In a recent interview, Berkshire Hathaway's (NYSE: BRK-A) (NYSE: BRK-B) vice Chairman Charlie Munger expressed enthusiasm for investing in China, claiming U.S. investors were under-exposed to the country, and that "the best companies in China are cheaper than the best companies in the United States."
In that light, it may be a good time to peer inside the second-largest Chinese company, Alibaba (NYSE:BABA), which just released its fiscal fourth quarter 2018 earnings report. Growth exceeded even optimistic expectations, rocketing 61% year-over-year, while non-GAAP earnings per share grew at a somewhat slower rate of 32%. How did a company so big grow so fast, and is the company's margin compression a concern? In order to better assess Alibaba's current state, let's dig in further.
Alibaba's core e-commerce platforms are its Taobao and T-Mall platforms. Taboao is where consumers and small businesses sell products to other consumers, while T-Mall is where larger brands and corporations reach customers. Despite having an already-huge scale and majority market share in China's e-commerce market, Alibaba managed to greatly grow both users and revenue on its core platforms.

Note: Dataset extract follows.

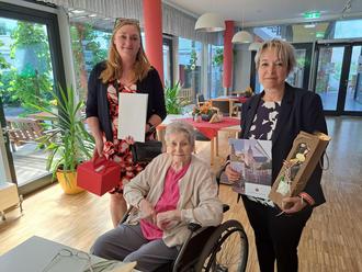 Vor Ort – aber nicht weniger überraschend – wurden außerdem Glückwünsche von ihrem Ururenkel überbracht, dessen Geburt für September erwartet wird. Daher gab es statt Blumen oder Grußkarten sanfte Tritte durch den Babybauch für Frau Lehmann. Klassisch mit Urkunden und Präsenten gratulierten außerdem Köthens Oberbürgermeisterin Christina Buchheim und die persönliche Referentin des Landrates Doreen Scheffler dem Geburtstagskind.

Alibaba grew both annual active users, as well as mobile monthly active users by 22% year-over-year. On the back of that strong user growth, customer management revenue, which incorporates Alibaba's traditional marketing and advertising sales, grew an impressive 35%, due to higher prices-per-click. Commission revenue (fees Alibaba takes on goods sold on its platforms) grew an impressive 39% on gross merchandise volume (GMV) growth of 40%.
A newer part of Alibaba's commerce platform is its investments in "New Retail," which incorporates Alibaba's technology into physical retail stores. This segment includes:
- Hema: Alibaba's supermarket chain with 25 markets as of early 2018, with plans to open dozens more this year.

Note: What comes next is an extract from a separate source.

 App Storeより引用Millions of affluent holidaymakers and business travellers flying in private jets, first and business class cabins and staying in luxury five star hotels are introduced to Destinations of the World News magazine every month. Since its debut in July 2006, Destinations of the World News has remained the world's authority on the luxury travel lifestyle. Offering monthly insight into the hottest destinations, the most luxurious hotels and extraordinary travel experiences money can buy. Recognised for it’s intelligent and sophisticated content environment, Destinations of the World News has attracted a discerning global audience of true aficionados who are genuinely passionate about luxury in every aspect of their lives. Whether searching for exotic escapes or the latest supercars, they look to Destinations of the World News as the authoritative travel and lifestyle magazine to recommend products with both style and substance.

- Intime: A department store chain Alibaba bought for $2.6 billion back in January 2017.
- T-Mall Import: A physical storefront that sells imported goods from overseas.
New Retail grew from almost nothing in the year-ago-quarter to 5,825 RMB ($928 million) last quarter. In addition, Alibaba also has several minority investments in other retailers, including Sun Art Retail, in which the company invested a 36% stake late last year.
In addition to Alibaba's e-commerce platforms and "New Retail" initiatives, the company is also the leading cloud computing platform in China. Cloud is a perfect business for Alibaba, as only very large tech companies have the resources to become cloud infrastructure companies, and China protects its tech companies from foreign competition.
Last quarter, Alibaba's cloud computing business skyrocketed 103% to RMB 4,385 million ($699 million). That's far less than cloud market leader Amazon (NASDAQ:AMZN) Web Services' $5.4 billion haul last quarter, but still makes Alibaba a leader in China. Alibaba Cloud also announced 316 new features, many of which span artificial intelligence, data management, and security, including a new edge computing platform for the Internet of Things. The company announced several large customer wins, including China Petroleum, The Malaysian Government, and Cathay Pacific (a Hong Kong airline).
Alibaba has also launched itself in the streaming video wars, with its 2016 purchase of streaming service Youku Tudou. This quarter, video subscribers skyrocketed 160%, leading to a 44% increase in digital media and entertainment revenue, which includes both Youku as well as Alibaba's UCWeb browser business.
But growth comes at a cost
While top-line numbers are clearly impressive, investors should know that profits told a different story, with adjusted EBITA (earnings before interest, taxes, and amortization) margins falling from 39% to 27% in the recent quarter. Alibaba is suffering from the "good" problem of trying to expand meaningfully off an incredible core business (Taobao and T-mall).
For instance, its new retail segment carries lower margins than Alibaba's asset-light e-commerce platform, lowering core commerce EBITA margins from 59% to 43%. In addition, cloud and digital media each have negative EBITA margins, with cloud at negative (8%) and digital media margins a whopping negative (49%). Alibaba also has other cost centers such as its "innovation initiatives," which include a new digital map product and an enterprise messaging service. This segment had negative (87%) margins last quarter, which also weighed on results.
Not time to panic
But while these segments all weighed on profits, the future seems bright. Alibaba is attempting to revolutionize the retail scene in what will one day be the world's largest economy. In addition, streaming video services in other parts of the world (ahem, Netflix) have garnered high valuations despite negative cash flow, while Amazon and others have shown a more mature cloud business can be very profitable.
To me, Alibaba's growth outweighs its margin compression. Stick with this Chinese leader.